REQUIRED ACTION: Beginning at the line containing "انتقل بعدها رئيس" in the material below and ending at the line containing "Louisville chair is", return each line exactly and add nothing.

SOURCE MATERIAL:
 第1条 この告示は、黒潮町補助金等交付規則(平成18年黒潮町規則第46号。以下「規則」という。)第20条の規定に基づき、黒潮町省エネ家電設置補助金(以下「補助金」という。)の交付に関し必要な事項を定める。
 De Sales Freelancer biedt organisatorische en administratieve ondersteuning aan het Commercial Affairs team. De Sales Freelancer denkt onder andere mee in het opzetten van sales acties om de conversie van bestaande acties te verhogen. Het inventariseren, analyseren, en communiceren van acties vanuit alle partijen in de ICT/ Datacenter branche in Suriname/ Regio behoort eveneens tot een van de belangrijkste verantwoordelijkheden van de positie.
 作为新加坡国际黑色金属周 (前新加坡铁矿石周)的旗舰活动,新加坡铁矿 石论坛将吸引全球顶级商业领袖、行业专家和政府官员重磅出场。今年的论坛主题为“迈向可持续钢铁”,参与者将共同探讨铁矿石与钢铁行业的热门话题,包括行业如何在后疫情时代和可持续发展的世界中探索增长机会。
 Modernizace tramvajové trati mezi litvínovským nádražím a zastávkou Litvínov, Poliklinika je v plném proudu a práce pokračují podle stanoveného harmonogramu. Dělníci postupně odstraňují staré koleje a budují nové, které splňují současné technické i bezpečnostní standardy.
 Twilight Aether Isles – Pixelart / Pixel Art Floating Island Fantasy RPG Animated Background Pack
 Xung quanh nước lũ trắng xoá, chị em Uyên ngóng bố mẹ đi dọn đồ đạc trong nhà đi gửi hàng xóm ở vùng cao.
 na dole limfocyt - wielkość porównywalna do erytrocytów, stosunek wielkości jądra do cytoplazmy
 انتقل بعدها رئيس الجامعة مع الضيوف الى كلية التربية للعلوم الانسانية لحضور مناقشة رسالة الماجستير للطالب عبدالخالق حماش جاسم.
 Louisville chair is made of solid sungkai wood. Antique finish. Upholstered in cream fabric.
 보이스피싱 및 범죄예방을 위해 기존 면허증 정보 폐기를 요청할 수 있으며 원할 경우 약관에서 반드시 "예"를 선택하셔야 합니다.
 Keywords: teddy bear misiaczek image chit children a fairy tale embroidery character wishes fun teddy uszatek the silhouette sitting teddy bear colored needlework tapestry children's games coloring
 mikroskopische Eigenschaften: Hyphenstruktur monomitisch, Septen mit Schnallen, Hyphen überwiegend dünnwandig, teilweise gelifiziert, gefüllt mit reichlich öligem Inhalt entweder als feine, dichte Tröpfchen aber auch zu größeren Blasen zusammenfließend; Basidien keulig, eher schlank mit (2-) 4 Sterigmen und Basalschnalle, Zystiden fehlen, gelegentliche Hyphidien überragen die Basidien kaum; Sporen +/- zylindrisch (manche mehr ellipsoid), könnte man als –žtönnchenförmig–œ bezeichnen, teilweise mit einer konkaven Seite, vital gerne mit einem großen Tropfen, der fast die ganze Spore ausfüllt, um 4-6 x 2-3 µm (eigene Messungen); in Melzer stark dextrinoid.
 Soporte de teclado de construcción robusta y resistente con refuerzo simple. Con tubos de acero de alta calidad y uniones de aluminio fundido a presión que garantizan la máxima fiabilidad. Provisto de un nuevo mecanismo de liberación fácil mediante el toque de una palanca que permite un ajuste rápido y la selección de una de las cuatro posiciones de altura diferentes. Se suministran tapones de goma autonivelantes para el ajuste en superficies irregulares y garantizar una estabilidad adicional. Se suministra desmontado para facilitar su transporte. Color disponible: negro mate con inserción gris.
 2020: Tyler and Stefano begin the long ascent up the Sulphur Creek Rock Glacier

RESULT:
 انتقل بعدها رئيس الجامعة مع الضيوف الى كلية التربية للعلوم الانسانية لحضور مناقشة رسالة الماجستير للطالب عبدالخالق حماش جاسم.
 Louisville chair is made of solid sungkai wood. Antique finish. Upholstered in cream fabric.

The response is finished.